It seems that it has changed over the years because right now there is no option to train a model with your own voice. I have found out about the ability of GAN for creating voice lines that was done by Lyrebird. Twilight Sparkle will say “Today is a great day” with a sad tone, which implies sarcasm in the way it is told. I decided to try out this feature and it actually works quite well, definitely more than what I expected. Intonation & EmotionĪnother interesting thing from 15.ai is how it uses DeepMoji to predict the emotion of a sentence.Ĭurrently, we could not manually set the emotion of the voice, as the only available choice for emotion is “Contextual” which uses DeepMoji.

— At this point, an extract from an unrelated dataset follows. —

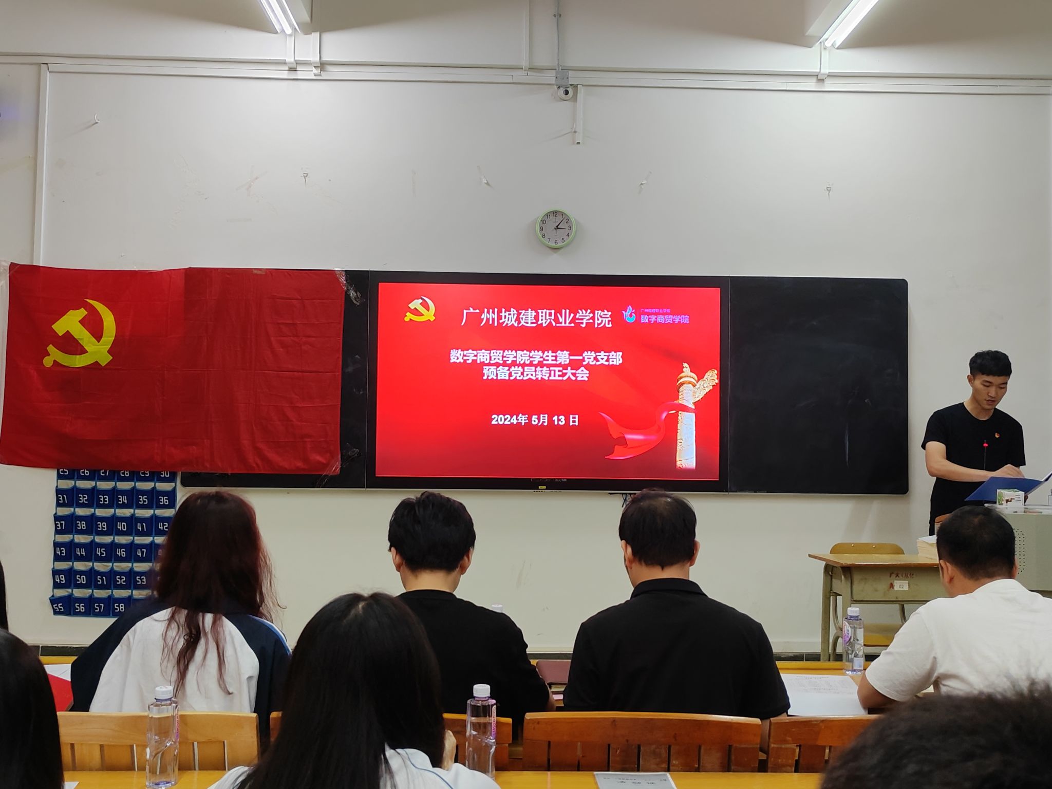 5月18日下午,数字商贸学院学生第一党支部在人文艺术楼1120教室召开2024年上半年预备党员转正式党员通表大会,大会讨论了张艺华等5名中共预备党员申请转为中共正式党员的相关事宜。学生第一党支部书记邹鹏主持会议,支部全体党员出席参加会议。

I think this is due to a lot of the training data comes from MLP characters which have these characteristics in general. The author also noted that due to technical reasons (approximately uniformly distributed vocal frequencies), high-pitched/feminine voices work best. MLP characters such as Twilight Sparkle and Fluttershy that have upwards of 120 minutes training data sounds way, way better and more natural compared to SpongeBob with only 27 minutes of training data.Ĭharacters with large training data produce more natural dialogues with clearer inflections and pauses between words, especially for longer sentences. However, the difference in quality between characters with small and large training data is still quite apparent. Screenshot of MLP Character in 15.ai by Author I was going to leave it at the creator must be a huge fan of MLP, but I found this tweet under the FAQ titled “Why are there so many MLP voices?” One unexpected lineups that I saw is from My Little Pony which has over 40+ characters to be selected from.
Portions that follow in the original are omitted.